* DATA SECTION:
□ □ □

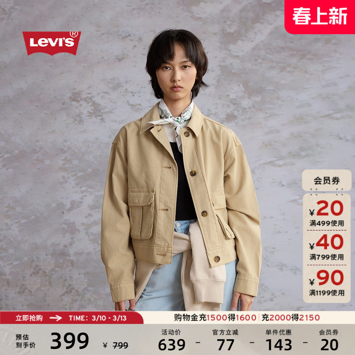 Levi's李维斯26年春夏新款女士美式复古工装风简约老钱风短外套
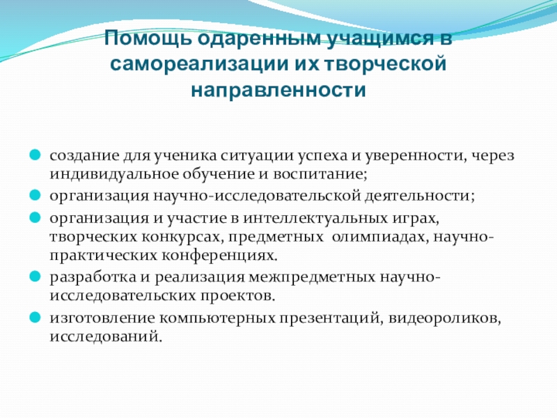 Помощь одаренным учащимся в самореализации их творческой направленности
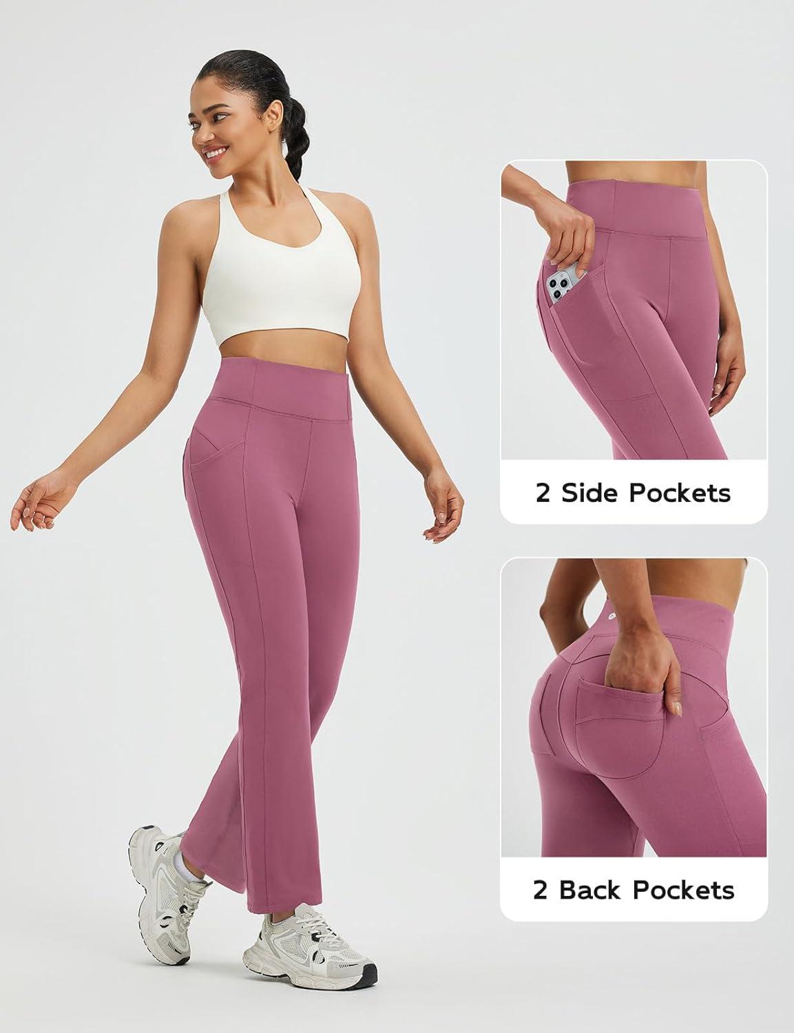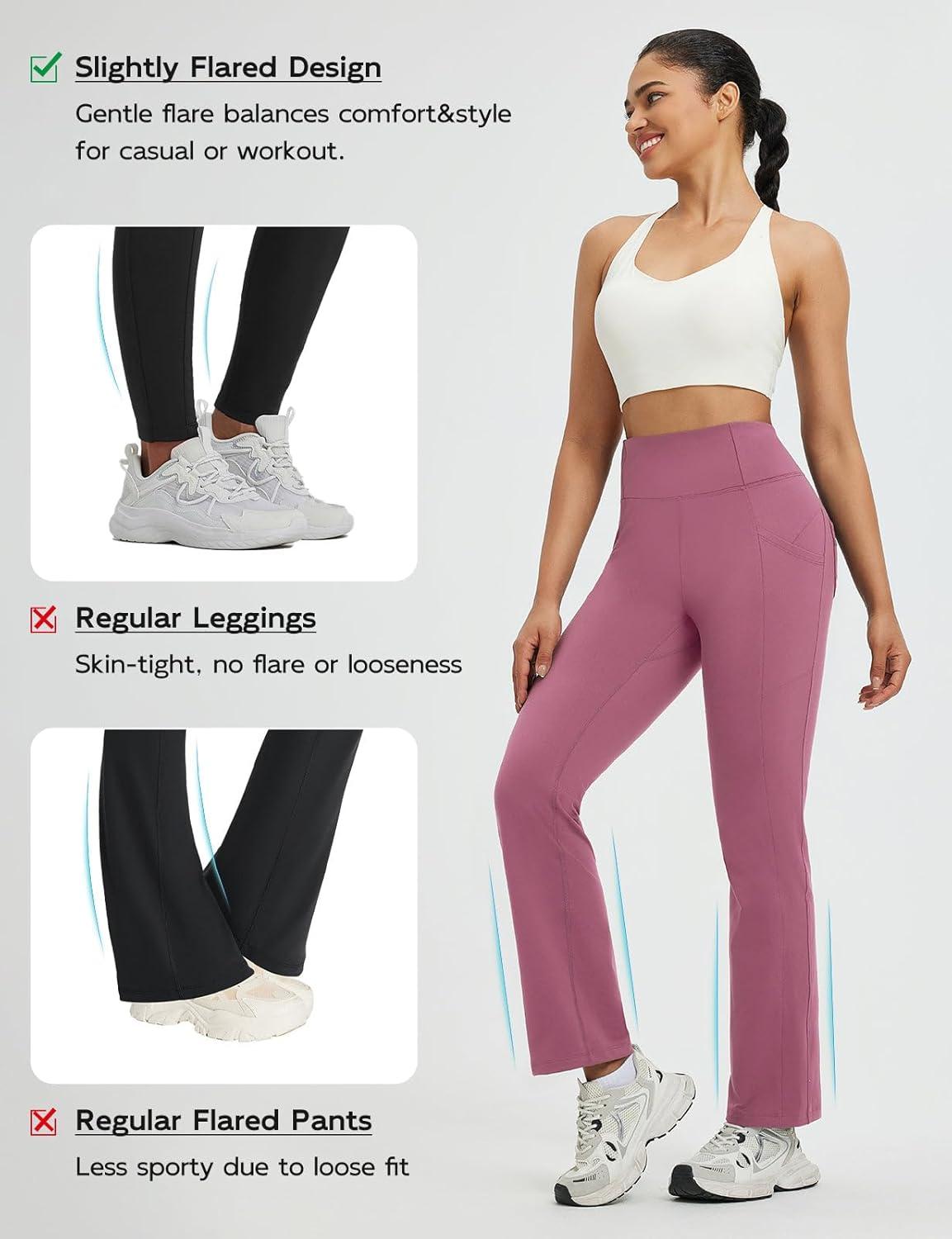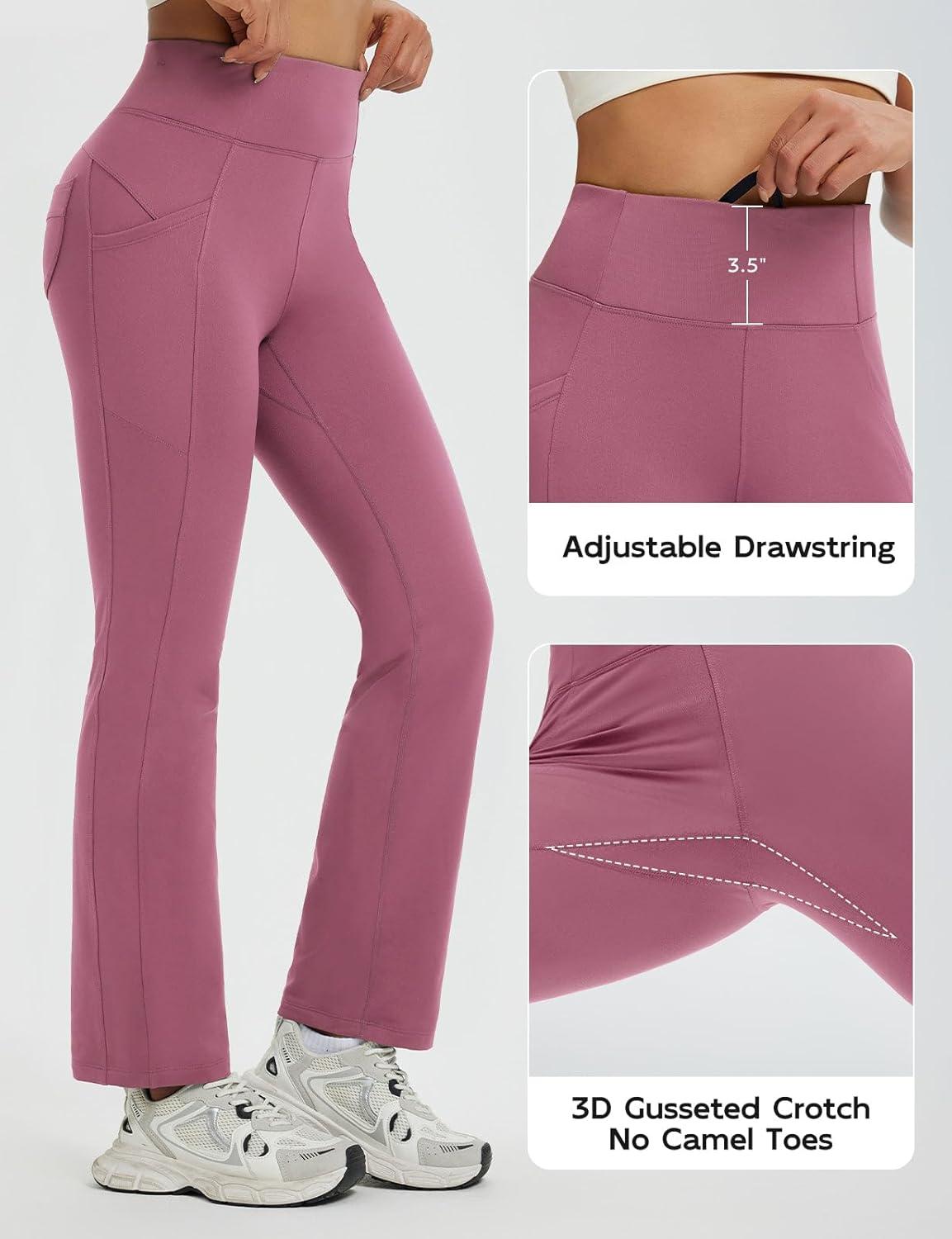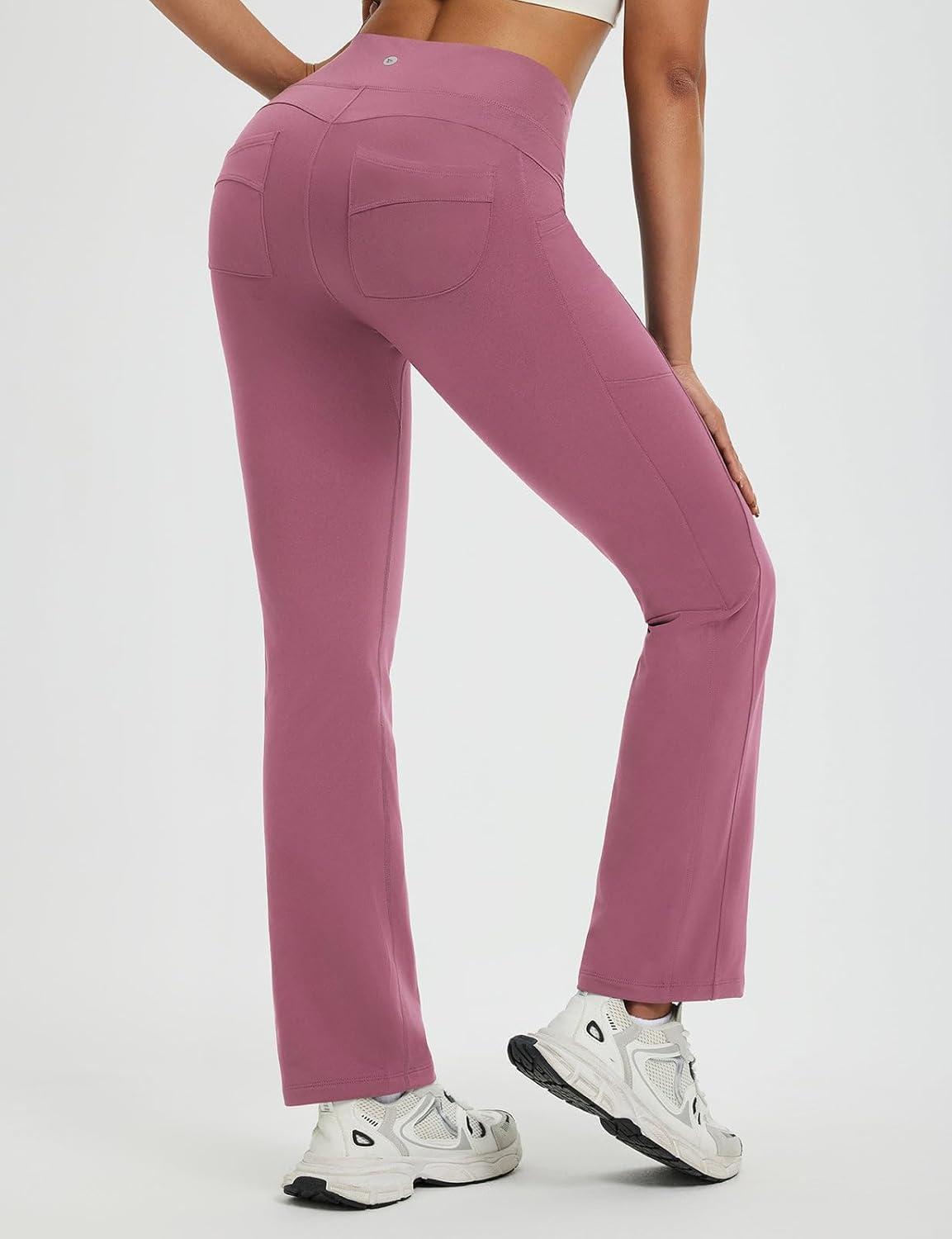baleaf Women’s Fleece Lined Pants Thermal Leggings Warm Winter with Pockets Water Resistant Bootcut Flare Track Pants(Rose Red)

□ □ □

* EXERCISE REQUIREMENTS: Output the data above in full. Skip every picture.

* ANSWER TO THE PROBLEM:
 Levi's李维斯26年春夏新款女士美式复古工装风简约老钱风短外套
 Помощь одаренным учащимся в самореализации их творческой направленности
baleaf Women’s Fleece Lined Pants Thermal Leggings Warm Winter with Pockets Water Resistant Bootcut Flare Track Pants(Rose Red)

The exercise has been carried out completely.